# Laplacian = tr(H)

1. Feb 19, 2010

### icurays1

Stupid thing I noticed today:

$$\nabla^2 U=tr(H(U))$$

Or, in other words, the Laplacian of a function is just the trace of its Hessian matrix. Whoop-de-frickin do, right? Is this useful knowledge or should I forget it immediately?

N!

2. Feb 19, 2010

### Ben Niehoff

This is not true in curvilinear coordinates.

3. Feb 19, 2010

### icurays1

But then isn't the 'Hessian' a tensor with co/contravariant components? is the trace even defined for tensors like that? And how is a differential operator like $$\nabla^2$$ even defined in a nonlinear coordinate system? (Genuine questions, I'm just starting to learn tensors and differential geometry and whatnot...)

4. Feb 19, 2010

### Ben Niehoff

5. Feb 19, 2010

### icurays1

okay, cool. thanks!!

would the trace of an arbitrary tensor be $$\sum_{i}{A_{ii...i}}$$ i.e. summing over the elements of the tensor with identical indicies? For tensors rank>2 'diagonal' is sort of vague, or does 'diagonal' always mean 'elements with the same index'? I guess this doesn't have anything to do with the original question...thanks again Ben!

6. Feb 19, 2010

### Ben Niehoff

Tensor traces are taken by contracting any two indices with the metric tensor.

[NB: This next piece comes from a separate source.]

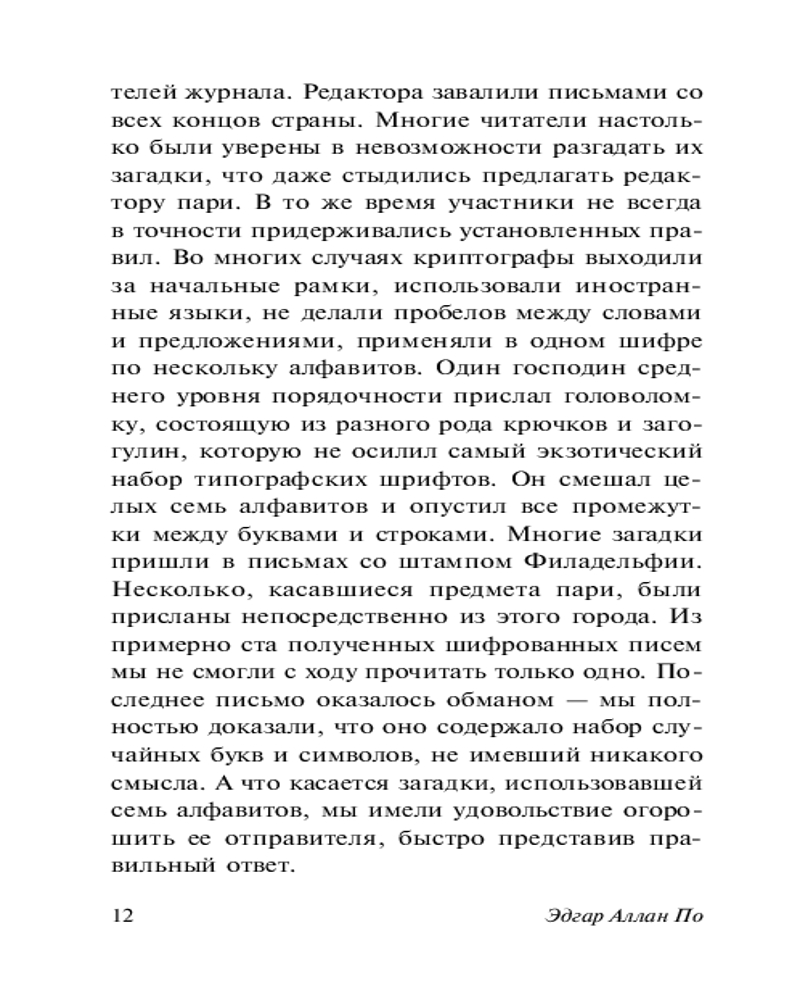 💳 Оплатить за товар можно при получении 🇰🇿 Есть бесплатная доставка по Казахстану 🎁 Копите бонусы с каждой покупки Серия: Эксклюзивная классика Большинство читателей знают Эдгара Аллана По как автора детективных и фантастических рассказов, но его перу также принадлежат многочисленные эссе и статьи на разнообразные темы, начиная от расшифровки кодов и размышлений о кошках, заканчивая рассуждениями о тайнах Вселенной. Одним из интересов По была криптография, которой он посвятил статью «Несколько слов о тайнописи» и изложил в ней свои соображения о расшифровке кодов. Еще одним интересом По были кошки, вернее, кошка Каттарина, которая прожила с ним почти десять лет и вдохновила автора на написание эссе «Инстинкт против разума – черная кошка», в нем писатель утверждает, что инстинкт животных может быть более мощной силой, чем человеческий ум. В настоящий сборник также включены эссе о литературе и поэма в прозе «Эврика», которую писатель считал главным делом всей своей жизни. |

The result will be a tensor whose rank has been reduced by 2. For example, the Ricci tensor is the trace of the Riemann tensor on the 1st and 3rd indices:

$$R_{bd} = g^{ac} R_{abcd}$$

and then the scalar curvature is the trace of the Ricci tensor, or the double trace of the Riemann tensor:

$$R = g^{bd} R_{bd} = g^{ac} g^{bd} R_{abcd}$$.

In flat space, the metric tensor is just the identity matrix, so this reduces to the more familiar definition of the trace.